If you’re running an e-commerce site, knowing who you’re converting most often is extremely valuable. You can possibly incentivize new, price sensitive customers to purchase through pop-up deals or discounts. Knowing whether you’re more successful attracting or retaining visitors will greatly inform your marketing decisions.

For example, do you have a high bounce rate on returning visitors? If so, you may have a great ability to attract new visitors through advertising or keywords, but a poor ability to keep them interested to return. This may cause you to invest more in a compelling, interesting content strategy.

Google Analytics goals

Metric: 5: Goals:

Goals are one of the most important metrics Google Analytics has to offer. They’re extremely tailored to seeing if your visitors convert into taking a desired action. When you set a goal, you tell Google that when a certain criterion is met, this is considered a goal. For an e-commerce site, there are numerous templates Google has for goals:

Revenue goals – These include placing an order and checkout completion.

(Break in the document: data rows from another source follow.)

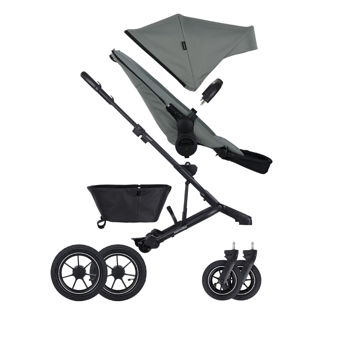 You will like the Easywalker Harvey 5 Air pushchair so much that you will be relieved that it grows with your child without any problems. The carrycot can easily be replaced with a sports seat. The pushchair can also be used as a duo version, making it ideal for twins or two children of different ages. Convince yourself of this all-terrain professional.
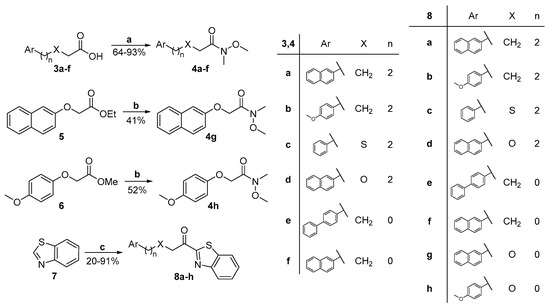 Benzothiazolyl ketones were synthesized in two steps, most of them starting from the corresponding carboxylic acids, as shown in Figure 3. The first step involves the formation of the Weinreb amides 4a–f by coupling of carboxylic acids 3a–f with N,O-dimethylhydroxylamine hydrochloride using N-(3-dimethylaminopropyl)-N’-ethyl carbodiimide hydrochloride (WSCI·HCl) as the coupling agent [17,23]. Weinreb amides 4g,h were prepared from esters 5 and 6 using N,O-dimethylhydroxylamine hydrochloride, in the presence of isopropylmagnesium chloride (i-PrMgCl) [24]. A nucleophilic attack of benzothiazolyl lithium to Weinerb amides 4a–h afforded the desired α-heterocyclic ketones 8a–h (Figure 3).
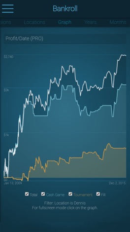 Próximo nível Poker Tracker: Grave sessões ao vivo e compartilhe com seus amigos! Com Poker Bankroll Tracker você pode salvar suas sessões de poker para ter uma visão geral sobre seu bankroll. Com muitas opções de filtros você pode encontrar as inconsistências do seu jogo e ver muitas estatísticas. Você pode também conectar com seus amigos e assistir ao vivo suas sessões. O Poker Bankroll Tracker fornece também ferramentas úteis como a calculadora para acordos ou a calculadora de prêmios.
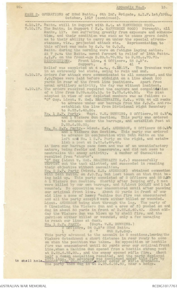 were received to move forward and relieve the 18th Battalion of the 5th Brigade. Torrential rain was now making the conditions worse but Haig, to the surprise of many, decided to push on with the offensive. General Birdwood, who knew that his troops were at the limits of endurance through exhaustion, hoped for a postponement but as his Corps had but a slight task on the flank of the next attack he did not protest. The fighting strength of the 22nd Battalion at this stage was now little more than 100 men, and it was thus necessary to bring up the men that had been in reserve and acting as the Battalion nucleus at Caestre.
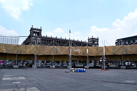 Las obras de montaje de la Feria en el Zócalo de la Ciudad de México.
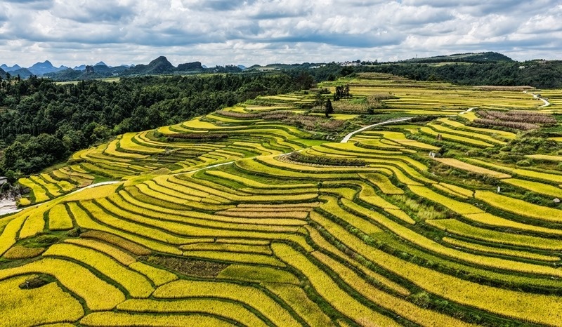 長(zhǎng)順縣長(zhǎng)寨街道中塘村的梯田風(fēng)光(9月17日攝,無(wú)人機(jī)照片)。
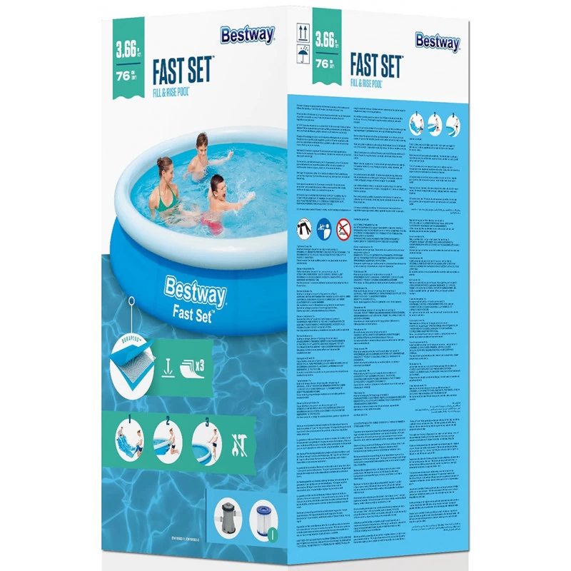 Facile et rapide a monter, le kit piscine Fast Set™ de Bestway® vous permettra de vous prélasser au bord de votre nouvelle piscine en un rien de temps. Cette piscine est idéale pour amuser vos enfants et leur faire découvrir le plaisir d’une baignade et les joies de la piscine en toute sécurité.
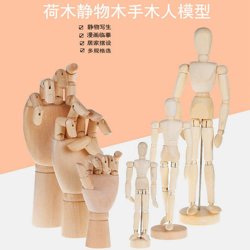 包邮 漫画12寸木人模型 40cm木头人 木手素描木偶人关节人偶木手

Acquisition – This is whenever a user creates an account.

Inquiry goals – This is when a view more, views a contact us page, sees deals or reads reviews.

Engagement goals – This is when a user compares information (features, products or options), shares your content on social, signs up to a newsletter or saves products to a shopping cart.

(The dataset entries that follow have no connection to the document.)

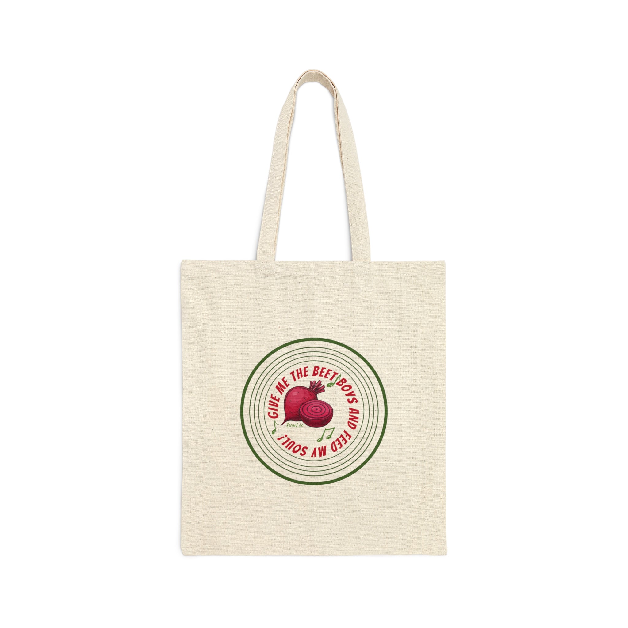 Give Me The Beet Boys and Feed My Soul Cotton Canvas Tote Bag This 100% cotton bag comes in one size – 15" x 16"– perfect for everyday wear. While the canvas material will show off your designs in great colors, it's durable and will last for years. The bag features 20" handles (made from the same canvas), making it easy to carry even with a week's worth of shopping.
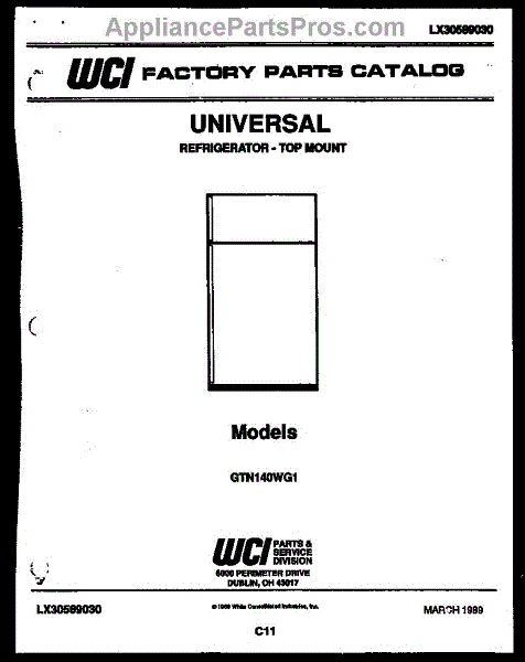 Parts for Frigidaire GTN140WG1-44: 01 - Cover Parts
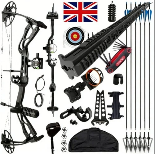0-70lbs Compound Bow Set 320FPS Sight Carbon Arrows Feathers Shoting Archery
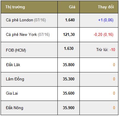 Hôm nay (28/05), giá cà phê tại thị trường Việt Nam không thay đổi so với ngày hôm qua, trong khi đó giá cà phê thế giới trên hai sàn London và New York tiếp tục diễn biến trái chiều nhau. Giá cà phê Robusta trên sàn London kỳ hạn 07/16 tăng nhẹ 1 USD/tấn, hay +0,06% lên mức 1.640 USD/tấn, các kỳ hạn khác không thay đổi hoặc tăng nhẹ 1 – 3 USD/tấn. Giá cà phê arabica trên sàn New York kỳ hạn 07/16 giảm nhẹ trở lại 0,20 cent/lb, hay-0,16% xuống còn 121,30 cent/lb, các kỳ hạn khác cũng giảm nhẹ 0,15 – 0,20 cent/lb. Sáng nay, giá cà phê nhân xô tại Tây Nguyên không thay đổi so với ngày hôm qua, vẫn ở mức 35,3 – 35,9 triệu đồng/ tấn.Chi tiết giá cà phê Việt Nam và thế giới ngày 28/05:

Custom – This is where you can create your own custom goal template not included in the above templates.

Once this is decided, you can describe exactly what your goal will look like. You can select a URL destination that, once reached, will trigger your goal to be a success. This could be a thank-you page after a product has been purchased, or when something has been downloaded.

Why are Goals Important?

Whether you’re getting sign-ups to your email list, selling products / services or providing a free e-book, your goals are vital to measuring your success.

Google Analytics tablet

Wrap Up:

Google Analytics provides powerful data to aid your decision-making. By using these above five metrics, you can gain greater insights into your audience sources, their behavior and their demographics.

It’s important to note that while Google Analytics will give you the information, you must decide the meaning from the data. Understanding and interpreting metrics is the first step in the road to mastering Google Analytics.

There are also considerations around the size of the data pool and the time frame. A smaller data pool will give you less accurate information, while historical data that doesn’t take into account key changes you made to your site will muddy the clarity around the data.

When in doubt, return to this guide and follow the practices that will help you on your way to understanding the biggest metrics in Google Analytics.